Question

If a buffer contains 1.05M B and 0.750M BH+ has the pH of 9.5. What would be the pH after 0.005mol of HCL is added to 0.5L of solution

Answer 1

Calculate the new pH of a buffer solution after HCl is added by using the Henderson-Hasselbalch equation and adjusting the concentrations of the buffer components.

Step-by-step explanation:

The question involves calculating the pH of a buffer solution after the addition of HCl. In a buffer system containing 1.05M of B (a base) and 0.750M of BH+ (its conjugate acid), the pH is initially 9.5. To find the new pH after the addition of 0.005 mol of HCl to 0.5L of this buffer, we use the Henderson-Hasselbalch equation. Assuming that the volumes of the buffer and the added HCl are additive (which is a common approximation in buffer problems), we calculate the moles of HCl added and then adjust the concentration of BH+ and B accordingly, since HCl will convert B to BH+. With the new concentrations, we plug the values back into the Henderson-Hasselbalch equation to find the final pH.

Note: Without the specific pKa value or formula of the buffering agents, a numerical solution cannot be provided

Answer 2

Final pH: 9.49.

Round to two decimal places as in the question: 9.5.

Step-by-step explanation:

The conjugate of B is a cation that contains one more proton than B. The conjugate of B is an acid. As a result, B is a weak base.

What's the pKb of base B?

Consider the Henderson-Hasselbalch equation for buffers of a weak base and its conjugate acid ion.

`\displaystyle \text{pOH} = \text{pK}_b + \log{\frac{[\text{Salt}]}{[\text{Base}]}}`.
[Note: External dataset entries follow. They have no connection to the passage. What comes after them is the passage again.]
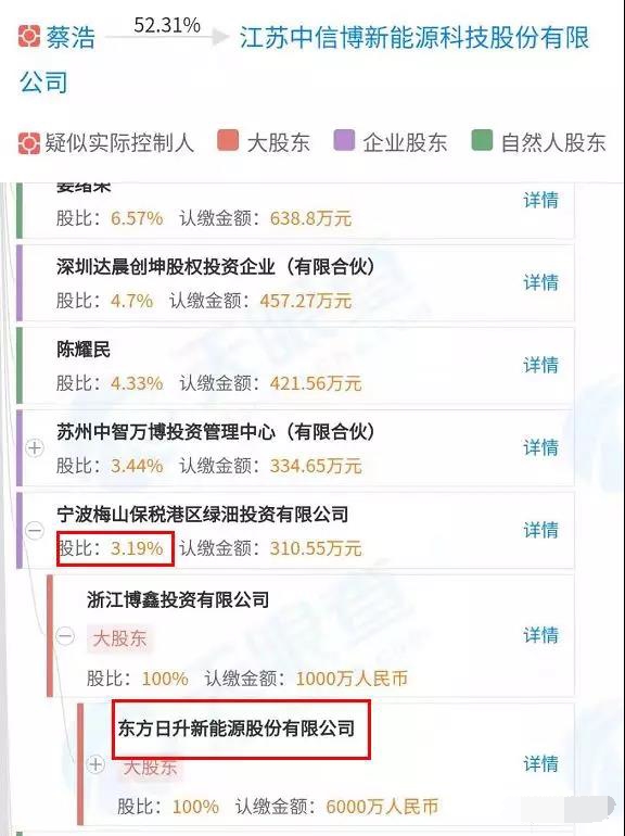 天眼查信息顯示,2017年4月,上市公司東方日升通過全資子公司博鑫投資的子公司綠沺投資參與中信博增資,截至2020年1月,綠沺投資為中信博第七大股東,持股數310.55萬股,持股比例3.19%。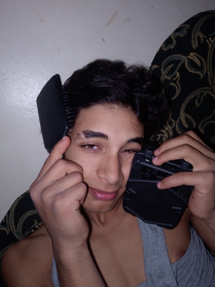 - "A young man poses playfully, holding a black comb against his head like a phone" by FM-OBPce2, licensed under CC BY 4.0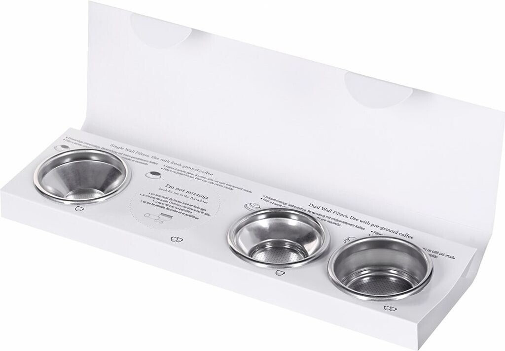 محتویات بسته: دستگاه اسپرسو ساز، آسیاب داخلی بهبود یافته، فیلتر قهوه، دفترچه راهنما، ابزار تمیزکاری

`\text{pOH} = \text{pK}_w - \text{pH}`.

`\text{pK}_w = 14`.

`\text{pOH} = 14 - 9.5 = 4.5`

`\displaystyle \text{pK}_b = \text{pOH} -\log{\frac{[\text{Salt}]}{[\text{Base}]}}\\\phantom{\text{pK}_b} = 4.5 - \log{(0.750)/(1.05)} \\\phantom{\text{pK}_b} =4.64613`.

What's the new salt-to-base ratio?

The 0.005 mol of HCl will convert 0.005 mol of base B to its conjugate acid ion BH⁺.

Initial:

• 
  `n(\text{B}) = c\cdot V = 1.05 * 0.5 = 0.525\;\text{mol}`;
• 
  `n(\text{BH}^(+)) = c\cdot V = 0.750 * 0.5 = 0.375\;\text{mol}`.

After adding the HCl:

• 
  `n(\text{B}) = 0.525 - 0.005 = 0.520\;\text{mol}`;
• 
  `n(\text{BH}^(+)) = 0.375+ 0.005 = 0.380\;\text{mol}`.

Assume that the volume is still 0.5 L:

• 
  `\displaystyle [\text{B}] = (n)/(V) = (0.520)/(0.5) = 1.04\;\text{mol}\cdot\text{dm}^(-3)`.
• 
  `\displaystyle [\text{BH}^(+)] = (n)/(V) = (0.380)/(0.5) = 0.760\;\text{mol}\cdot\text{dm}^(-3)`.

What's will be the pH of the solution?

Apply the Henderson-Hasselbalch equation again:

`\displaystyle \text{pOH} = \text{pK}_b + \log{\frac{[\text{Salt}]}{[\text{Base}]}} = 4.64613 + \log{(0.760)/(1.04)} = 4.50991`

`\text{pH} = \text{pK}_w - \text{pOH}= 14 - 4.50991 = 9.49`.

The final pH is slightly smaller than the initial pH. That's expected due to the hydrochloric acid. However, the change is small due to the nature of buffer solutions: adding a small amount of acid or base won't significantly impact the pH of the solution.